The authors validated DarkAgents by comparing Bayesian posterior distributions from the agentic pipeline against human-executed analyses using the same backend. They tested robustness across multiple state-of-the-art LLMs including Anthropic's Claude Code and OpenAI's Codex, finding that more capable models could produce near-autonomous end-to-end runs, while less capable ones required more human oversight. The framework’s modular design allows flexible extension to other TAP problems, enabling community-driven development of specialized DarkAgents addressing different astrophysical and particle physics challenges. The code and extensive examples have been made publicly available, underscoring the goal of fostering sustainable, reproducible, and human-auditable AI-assisted science in TAP.
Key findings
- DarkAgent-PT reproduces Bayesian posterior distributions on NANOGrav 15yr gravitational wave data consistent with traditional human analysis (Fig. 2 comparison).

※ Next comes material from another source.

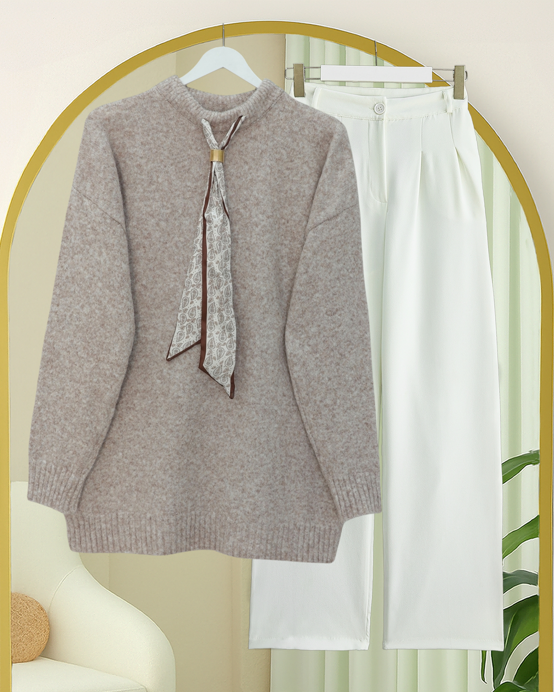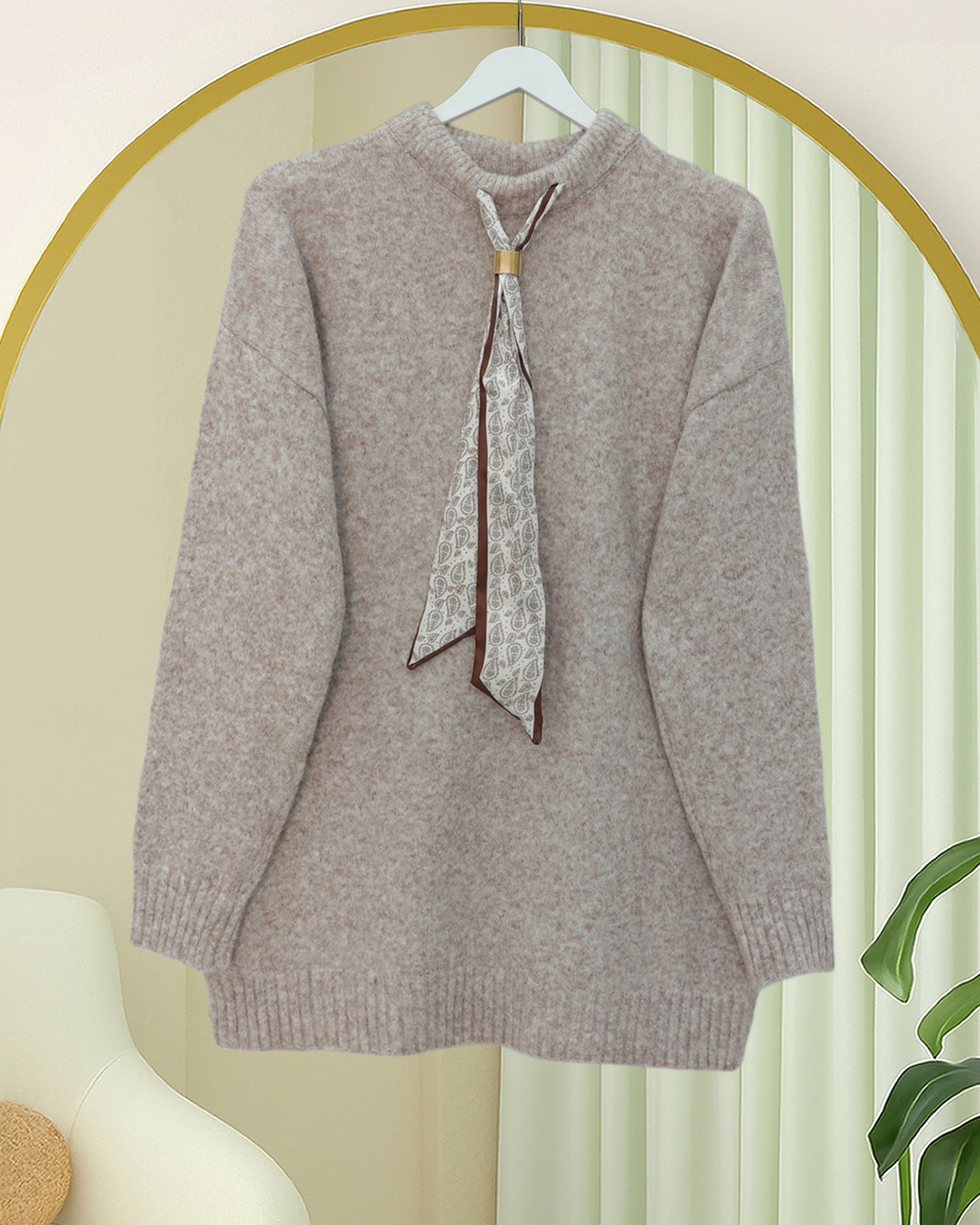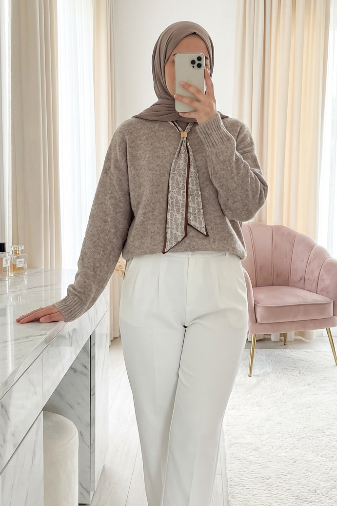 Fularlı Yumoş Triko Kazak -Açık Vizon

- State-of-the-art LLMs (e.g., Claude Code Opus 4.8, Codex GPT-5.5) can autonomously complete the full DarkAgent-PT workflow with minimal human guidance.
- Less capable LLMs (e.g., Mistral Vibe) require stronger human guidance and are less reliable identifying constraints or implicit assumptions.
- DarkAgent-PT correctly identifies and rejects the sound-wave gravitational wave spectrum template outside its regime of validity in favor of the dissipative bulk-flow template.
- The constraint-sub-agent discovers relevant particle physics, cosmological (ΔNeff), and astrophysical constraints (e.g., SN1987A cooling, beam-dump experiments), while flagging missing constraint coverage (e.g., kinetic and scalar mixing) and avoiding hallucinations.
- The prior-sub-agent audits model and pipeline assumptions, diagnosing limitations such as renormalization scale choice, daisy resummation, and bubble wall velocity calculation absent from the backend.
- DarkAgents halts safely when incompatible models are given, preventing silent failure by stopping and reporting incompatibility rather than forcing invalid workflows.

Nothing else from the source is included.